-- DATA FOR THIS EXERCISE --
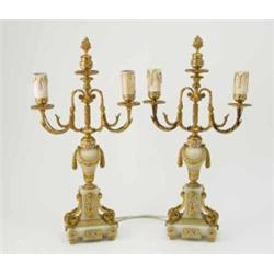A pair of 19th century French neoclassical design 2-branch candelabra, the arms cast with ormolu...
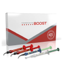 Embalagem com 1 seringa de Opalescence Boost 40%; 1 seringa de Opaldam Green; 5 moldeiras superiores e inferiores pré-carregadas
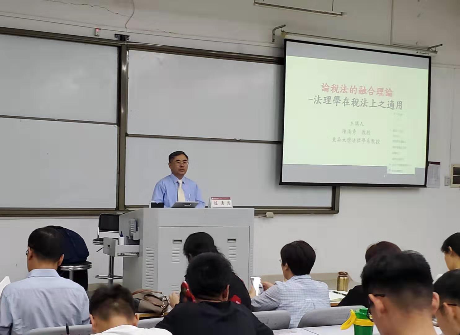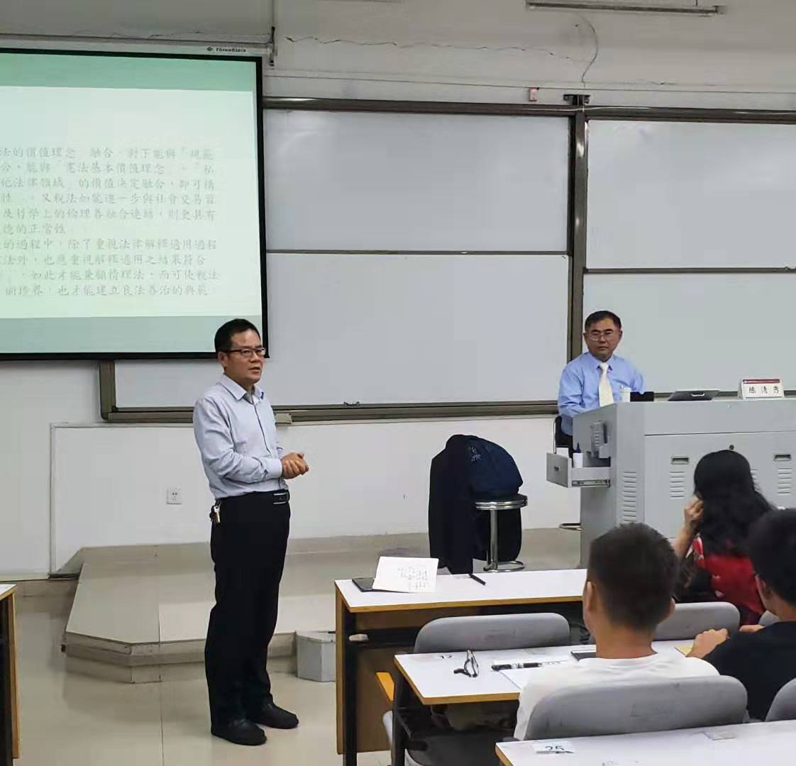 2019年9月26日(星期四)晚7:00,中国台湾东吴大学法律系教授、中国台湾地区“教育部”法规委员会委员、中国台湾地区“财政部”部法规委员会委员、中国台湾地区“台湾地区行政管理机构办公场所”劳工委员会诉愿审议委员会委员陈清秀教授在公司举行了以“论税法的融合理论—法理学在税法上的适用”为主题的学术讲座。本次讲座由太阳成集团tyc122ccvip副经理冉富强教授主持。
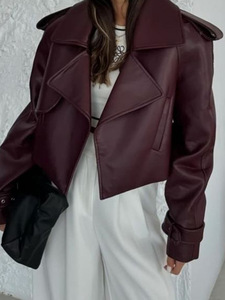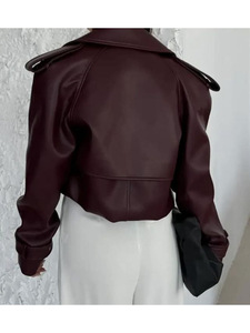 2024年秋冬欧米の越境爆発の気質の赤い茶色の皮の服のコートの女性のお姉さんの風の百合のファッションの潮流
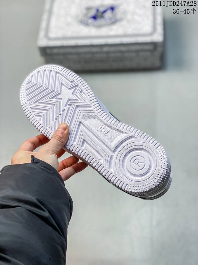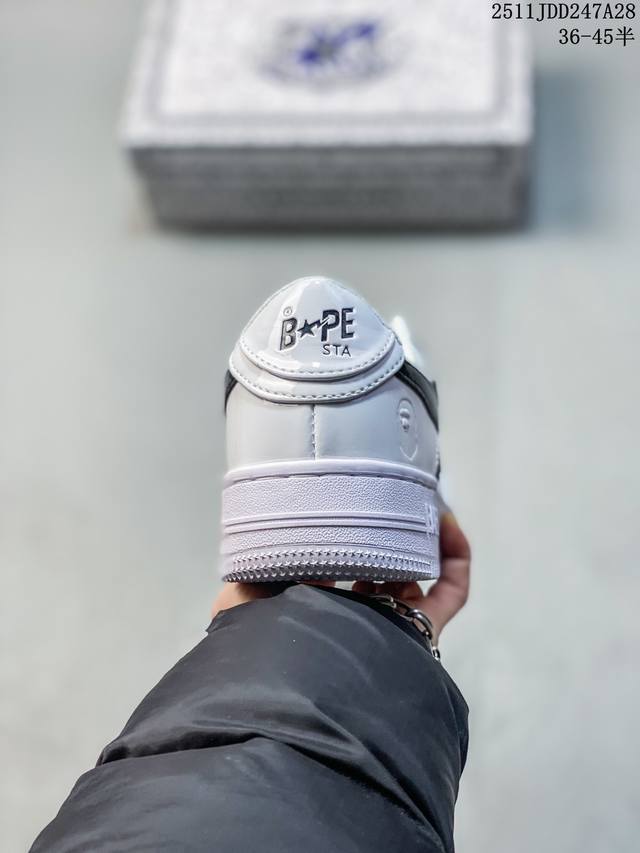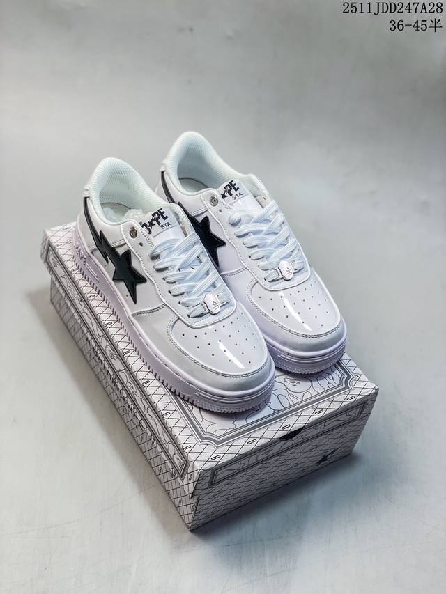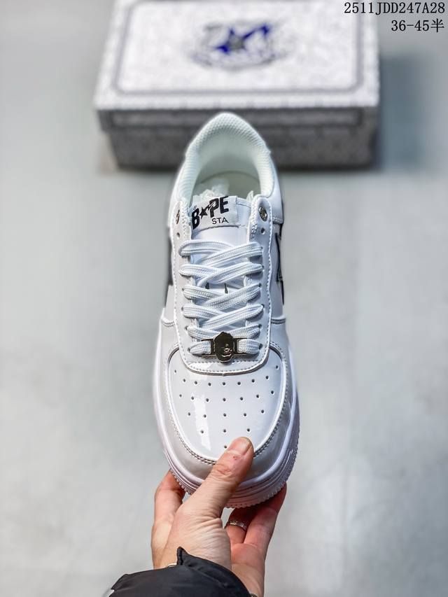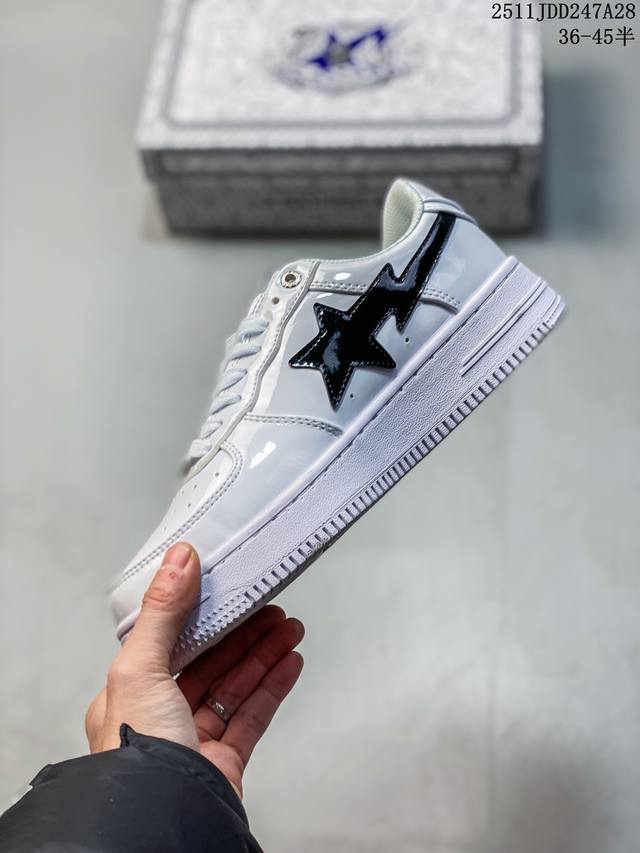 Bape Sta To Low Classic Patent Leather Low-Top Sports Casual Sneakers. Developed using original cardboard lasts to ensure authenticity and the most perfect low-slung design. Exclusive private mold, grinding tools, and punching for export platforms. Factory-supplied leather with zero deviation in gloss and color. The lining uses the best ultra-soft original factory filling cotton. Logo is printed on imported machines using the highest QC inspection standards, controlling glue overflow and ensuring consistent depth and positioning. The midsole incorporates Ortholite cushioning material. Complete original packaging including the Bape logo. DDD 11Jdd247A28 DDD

-- THE PROBLEM --
Leaving every picture behind, retype the entries above exactly, from the first line through the line with "2024年秋冬欧米の越境爆発", and stop there.

-- RESULT FOR THIS EXERCISE --
A pair of 19th century French neoclassical design 2-branch candelabra, the arms cast with ormolu...
 Embalagem com 1 seringa de Opalescence Boost 40%; 1 seringa de Opaldam Green; 5 moldeiras superiores e inferiores pré-carregadas
 2019年9月26日(星期四)晚7:00,中国台湾东吴大学法律系教授、中国台湾地区“教育部”法规委员会委员、中国台湾地区“财政部”部法规委员会委员、中国台湾地区“台湾地区行政管理机构办公场所”劳工委员会诉愿审议委员会委员陈清秀教授在公司举行了以“论税法的融合理论—法理学在税法上的适用”为主题的学术讲座。本次讲座由太阳成集团tyc122ccvip副经理冉富强教授主持。
 2024年秋冬欧米の越境爆発の気質の赤い茶色の皮の服のコートの女性のお姉さんの風の百合のファッションの潮流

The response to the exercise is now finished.